■ **Task instructions**
Restate word for word the part of the material that runs from the line containing "Sakamoto | |" through its final line, inclusive, minus the pictures.

■ **Data section**
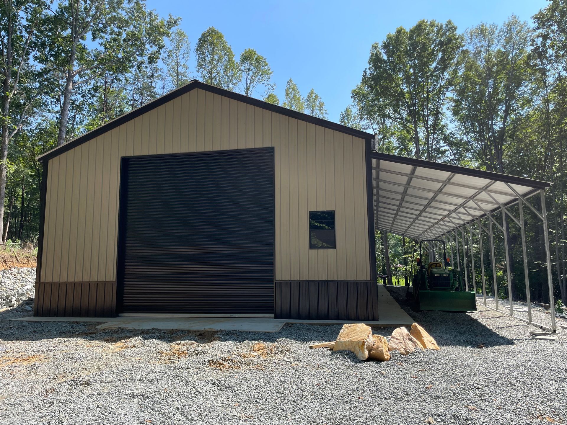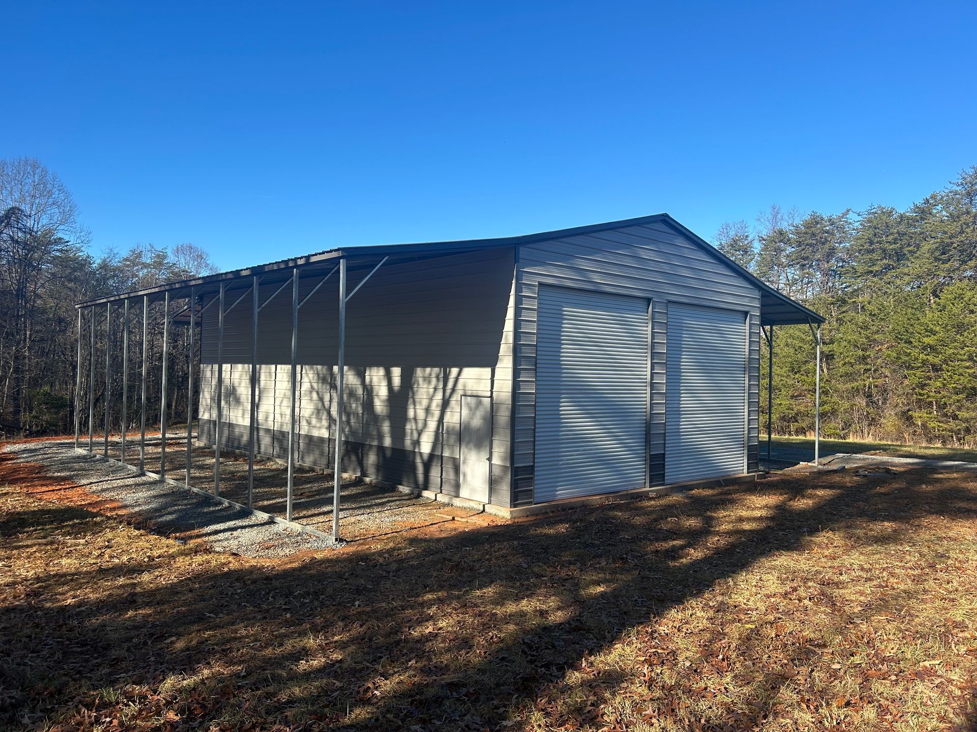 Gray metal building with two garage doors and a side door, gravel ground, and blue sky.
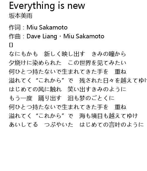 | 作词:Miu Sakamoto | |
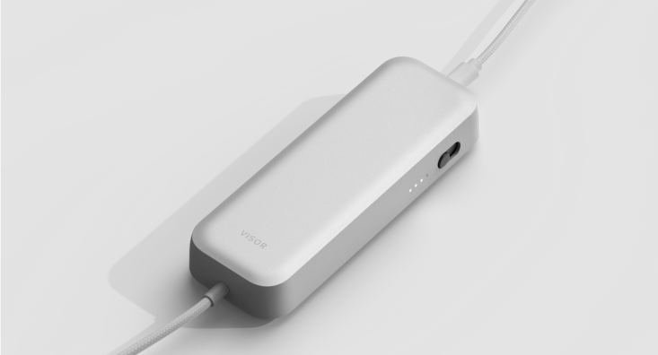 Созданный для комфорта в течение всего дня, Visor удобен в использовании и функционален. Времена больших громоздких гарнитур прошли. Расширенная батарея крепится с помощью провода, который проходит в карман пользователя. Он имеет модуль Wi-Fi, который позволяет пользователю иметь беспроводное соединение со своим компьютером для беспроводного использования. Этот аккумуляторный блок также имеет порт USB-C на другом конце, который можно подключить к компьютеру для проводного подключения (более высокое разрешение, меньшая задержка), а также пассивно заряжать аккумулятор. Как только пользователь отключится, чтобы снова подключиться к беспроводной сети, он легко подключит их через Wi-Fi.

■ **Result**
 | 作词:Miu Sakamoto | |
 Созданный для комфорта в течение всего дня, Visor удобен в использовании и функционален. Времена больших громоздких гарнитур прошли. Расширенная батарея крепится с помощью провода, который проходит в карман пользователя. Он имеет модуль Wi-Fi, который позволяет пользователю иметь беспроводное соединение со своим компьютером для беспроводного использования. Этот аккумуляторный блок также имеет порт USB-C на другом конце, который можно подключить к компьютеру для проводного подключения (более высокое разрешение, меньшая задержка), а также пассивно заряжать аккумулятор. Как только пользователь отключится, чтобы снова подключиться к беспроводной сети, он легко подключит их через Wi-Fi.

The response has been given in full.